INFORMATION:

= = = = =

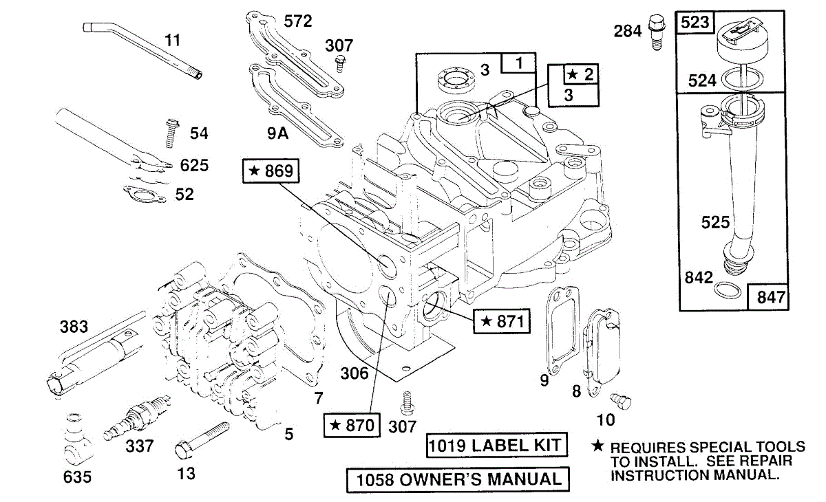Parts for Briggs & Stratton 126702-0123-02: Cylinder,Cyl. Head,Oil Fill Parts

= = = = =

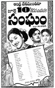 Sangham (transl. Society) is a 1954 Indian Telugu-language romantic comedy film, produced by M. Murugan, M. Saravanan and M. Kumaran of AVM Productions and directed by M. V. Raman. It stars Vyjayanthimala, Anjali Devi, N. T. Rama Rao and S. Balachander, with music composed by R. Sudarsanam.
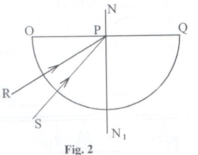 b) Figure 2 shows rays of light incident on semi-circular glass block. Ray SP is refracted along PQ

= = = = =

ASSIGNMENT:
Your task is to copy only the lines above starting at the one containing "Sangham (transl. Society)" and ending at the one containing "b) Figure 2". Copy them exactly, both ends included, and omit the pictures.

SOLUTION TO THIS PROBLEM:
 Sangham (transl. Society) is a 1954 Indian Telugu-language romantic comedy film, produced by M. Murugan, M. Saravanan and M. Kumaran of AVM Productions and directed by M. V. Raman. It stars Vyjayanthimala, Anjali Devi, N. T. Rama Rao and S. Balachander, with music composed by R. Sudarsanam.
 b) Figure 2 shows rays of light incident on semi-circular glass block. Ray SP is refracted along PQ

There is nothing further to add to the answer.